Spark2.x from shallow to deep series 7 python development spark environment configuration 07/01 Update SLTechnology News&Howtos

Spark2.x from shallow to deep series 7 python development spark environment configuration

2025-07-01 Update From: SLTechnology News&Howtos shulou NAV: SLTechnology News&Howtos > Internet Technology >

Shulou(Shulou.com)06/03 Report--

Before learning any technology of spark, please correctly understand spark, you can refer to: correct understanding of spark

The following is a configuration of the environment for developing spark with python on the mac operating system

First, install python

Spark2.2.0 requires the version of python to be Python2.6+ or Python3.4+

Please refer to:

Http://jingyan.baidu.com/article/7908e85c78c743af491ad261.html

Download the spark compiler and configure the environment variables

1. On the official website: http://spark.apache.org/downloads.html download version: spark-2.2.0-bin-hadoop2.6.tgz package

Put it on a local disk and decompress it.

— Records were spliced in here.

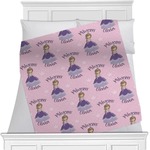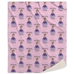 This is truly custom personalized design. You can customize almost all aspects of the design. You can customize the top and bottom text, along with the font and color. The princess' hair color, skin color, eye and even her crown and dress color can be customized. We also have a number of other princesses in our system, so you can always change out the princess. The background pattern and color customizable.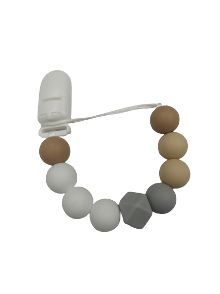 BABY 01435 to ekologiczna zawieszka do smoczka i gryzaczka w kolorze Grey/Sand, wykonana z bezpiecznego silikonu spożywczego, wolnego od BPA, kadmu i ftalanów, z naturalnymi właściwościami antybakteryjnymi. Zawieszka stymuluje rozwój zmysłu dotyku i smaku u niemowląt dzięki zróżnicowanemu kształtowi i materiałom. Można ją schłodzić w lodówce, aby zapewnić chłodny masaż dziąseł podczas ząbkowania. Chroni smoczek przed upadkiem i zabrudzeniem. Należy używać jej pod nadzorem osoby dorosłej, nie stosować podczas snu dziecka i wymieniać co 3 miesiące. Produkt nie jest zabawką; mycie pod bieżącą wodą.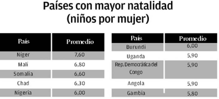 A pesar de tener poblaciones menores, hay otros países cuya tasa de natalidad actual disparará su número de habitantes durante este siglo.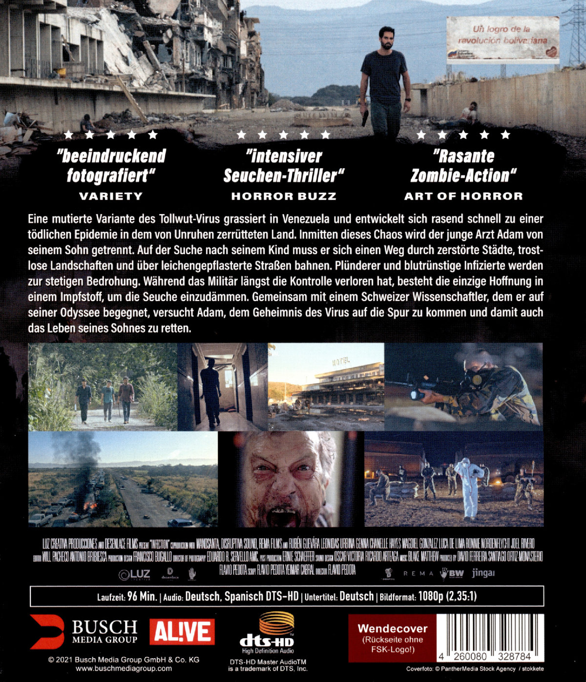Eine mutierte Variante des Tollwut-Virus grassiert in Venezuela und entwickelt sich rasend schnell zu einer tödlichen Epidemie in dem von Unruhen zerrütteten Land. Infection erzählt die Geschichte des jungen Arztes Adam, der inmitten dieses Chaos von seinem Sohn getrennt wird. Auf der Suche nach seinem Kind muss sich der Vater seinen Weg durch zerstörte Städte, trostlose Landschaften und über leichengepflasterte Straßen bahnen. Plünderer und blutrünstige Infizierte werden zur stetigen Bedrohung. Während das Militär längst die Kontrolle verloren hat, besteht die einzige Hoffnung für das Überleben aller in einem Impfstoff, um die Seuche einzudämmen. Gemeinsam mit einem Schweizer Wissenschaftler, dem er auf seiner Odyssee begegnet, versucht Adam, dem Geheimnis des Virus auf die Spur zu kommen und damit auch das Leben seines Sohnes zu retten. Ein Wettlauf gegen die Zeit beginnt. Infection ist ein spektakulärer Seuchen-Horror-Thriller und eine Allegorie auf die sozialen und politischen Missstände in Venezuela. Auf diese Weise übt der Film versteckte Kritik am Maduro-Regime. Die Reaktion der Machthaber ließ nicht lange auf sich warten: Infection wurde in seinem Herkunftsland verboten. Infection ist aufwändig inszeniert und wurde unter äußerst widrigen Produktionsbedingungen an über 60 Locations in Venezuela gedreht. Aufgrund der unsicheren Lage mussten die Filmsets ständig von der Polizei geschützt werden. Die Grundidee des Films wurde während der Dreharbeiten von der bitteren Realität eingeholt, als sich zeitgleich das heimtückische Zika-Virus in Südamerika zu einer gefährlichen Epidemie ausbreitete.

2. Set environment variables:

Cd ~

Vi .bash _ profile

Export SPARK_HOME=/Users/tangweiqun/Desktop/bigdata/spark/spark-2.2.0-bin-hadoop2.6

Export PATH=$PATH:$SCALA_HOME/bin:$M2_HOME/bin:$JAVA_HOME/bin:$SPARK_HOME/bin

Source .bash _ profile

3. You need to execute chmod 744. / * on the files in the bin directory under SPARK_HOME, otherwise an error of insufficient permissions will be reported.

Window machines should not have to do this.

Third, install PyCharm

1. Download it from the official website: https://www.jetbrains.com/pycharm/download/ and install it foolishly.

4. Write wordcount.py and run it successfully

1. Create a project

File-- > New Project

2. Configure PYTHONPATH for PyCharm

Run-- > Edit Configurations, the configuration is as follows

Click the "+" above, and then fill in:

PYTHONPATH=/Users/tangweiqun/Desktop/bigdata/spark/spark-2.1.0-bin-hadoop2.6/python/:/Users/tangweiqun/Desktop/bigdata/spark/spark-2.1.0-bin-hadoop2.6/python/lib/py4j-0.10.4-src.zip

Add the python-related dependencies in the spark installation package

3. Py4j-some-version.zip and pyspark.zip are added to the project

In order to see the source code, we need to associate the project with the source code as follows:

Click + Add Content Root to add two zip packages under / Users/tangweiqun/Desktop/bigdata/spark/spark-2.1.0-bin-hadoop2.6/python/lib

4. Write spark word count and run it successfully

Create a python file, wordcount.py, with the following contents:

From pyspark import SparkContext, SparkConf

Import os

Import shutil

If _ name__ = = "_ _ main__":

Conf = SparkConf () .setAppName ("appName") .setMaster ("local")

Sc = SparkContext (conf=conf)

SourceDataRDD = sc.textFile ("file:///Users/tangweiqun/test.txt")

WordsRDD = sourceDataRDD.flatMap (lambda line: line.split ())

KeyValueWordsRDD = wordsRDD.map (lambda s: (s, 1))

WordCountRDD = keyValueWordsRDD.reduceByKey (lambda a, b: a + b)

OutputPath = "/ Users/tangweiqun/wordcount"

If os.path.exists (outputPath):

Shutil.rmtree (outputPath)

WordsRDD.saveAsTextFile ("file://" + outputPath)

Print wordCountRDD.collect ()

Right click to run successfully

Detailed and systematic understanding of spark core RDD-related Api can be referred to: detailed explanation of spark core RDD api principle

Welcome to subscribe "Shulou Technology Information " to get latest news, interesting things and hot topics in the IT industry, and controls the hottest and latest Internet news, technology news and IT industry trends.

*The comments in the above article only represent the author's personal views and do not represent the views and positions of this website. If you have more insights, please feel free to contribute and share.